SIMGM is a TOPMODEL-based runoff model \citep{niu2007JGRa}. The scheme parameterizes runoff (\(R_{srf}\) and \(R_{sub}\)) as an exponential function of groundwater table depth (\(z_{wt}\), \unit{m}, positive down) as follows.
\begin{equation}
  R_{srf} = Q_{soil,srf} [(1 - f_{frz,1}) f_{sat} + f_{frz,1} ]
  \text{,} \label{eq:simgm:rsrf}
\end{equation}
\begin{equation}
  f_{sat} = f_{sat,max} \exp[-0.5 f (z_{wt} - z_{bot})]
  \text{,} \label{eq:simgm:fsat}
\end{equation}
\begin{equation}
  R_{sub} = [1 - \max_{i=1,\dots,N_{soil}} (f_{frz,i})] R_{sub,max}
  \exp[-\Lambda - f(z_{wt} - z_{bot})]
  \text{,} \label{eq:simgm:rsub}
\end{equation}
where \(Q_{soil,srf}\) is the water incident on the soil surface (the sum of precipitation throughfall, snowmelt, and dewfall; \unit{kg.m^{-2}.s^{-1}}); \(f_{frz,i}\) is the fractional frozen area of the \(i\)-th soil layer (\unit{m^2.m^{-2}}), which is parameterized using the frozen water content of the soil layer following \citet{niu2006JH}; \(f_{sat}\) is the saturation fraction of the grid cell (\unit{m^2.m^{-2}}); and \(z_{bot}\) is the depth of the soil column bottom (2 m in this study), and \(z_{wt}\) is the groundwater table depth (m), which is converted from the groundwater storage by a specific-yield parameter. The groundwater storage is predicted using a dynamic groundwater model interacting with the soil column bottom \citep{niu2007JGRa}.

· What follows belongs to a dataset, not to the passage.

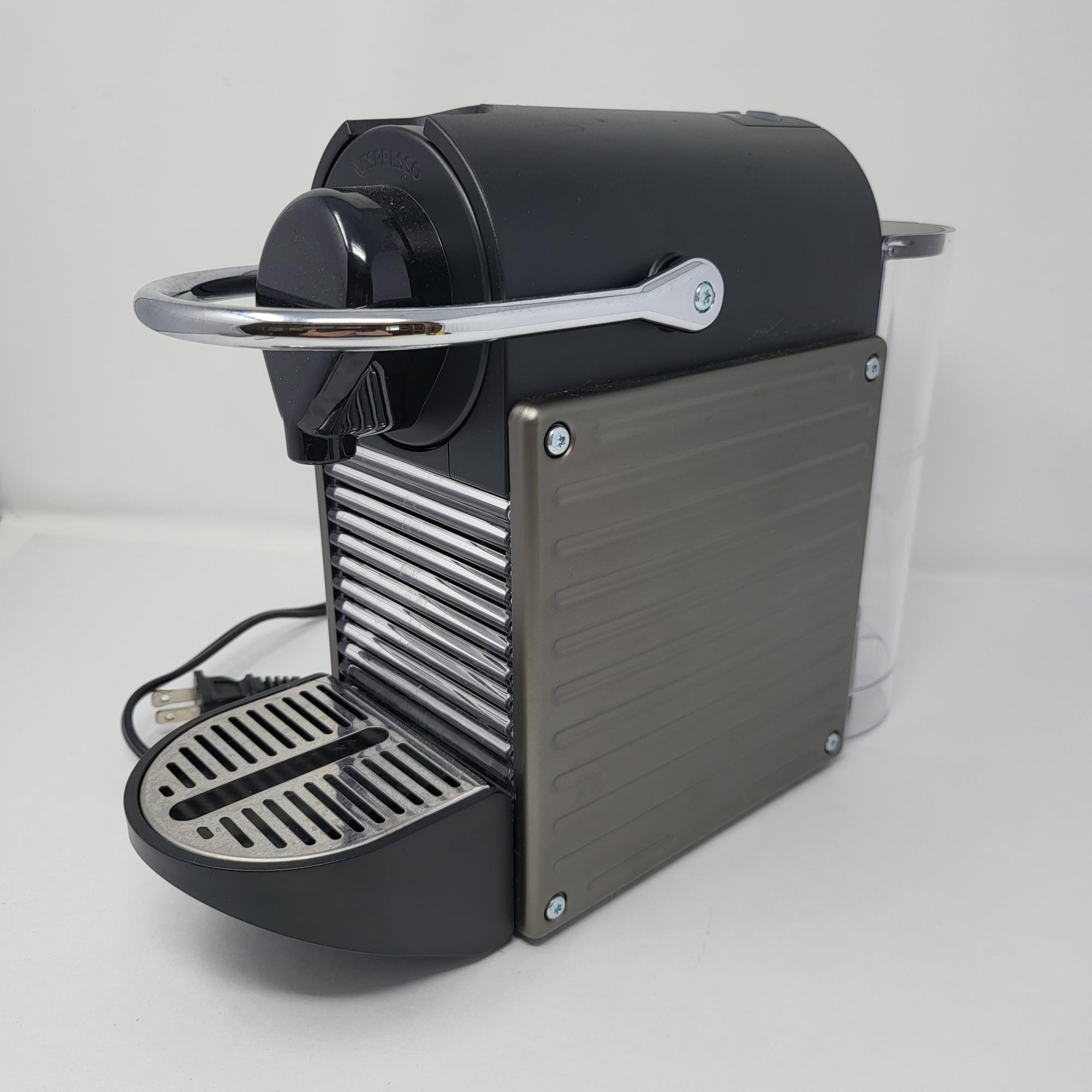 Breville electric espresso machine 12" tall (including handle) x 4" wide x 12" deep. Removable drip tray and water reservoir.

The scheme has four calibratable parameters: (1) \(f_{sat,max}\), the maximum saturation area fraction (\unit{m^2.m^{-2}}), which is defined as the cumulative distribution function of the topographic index when the grid-cell-mean water table depth is zero; (2) \(f\), a runoff decay factor (unitless); (3) \(R_{sub,max}\), the maximum subsurface runoff when the grid-cell-mean water table depth is zero (\unit{kg.m^{-2}.s^{-1}}); and (4) \(\Lambda\), the grid-cell-mean topographic index (unitless). In this study, the parameters have the following values: \(f_{sat,max} = 0.38\)\,\unit{m^2.m^{-2}}, $f=6$, $R_{sub,max}=5$\,\unit{kg.m^{-2}.s^{-1}}, and \(\Lambda = 10.5\).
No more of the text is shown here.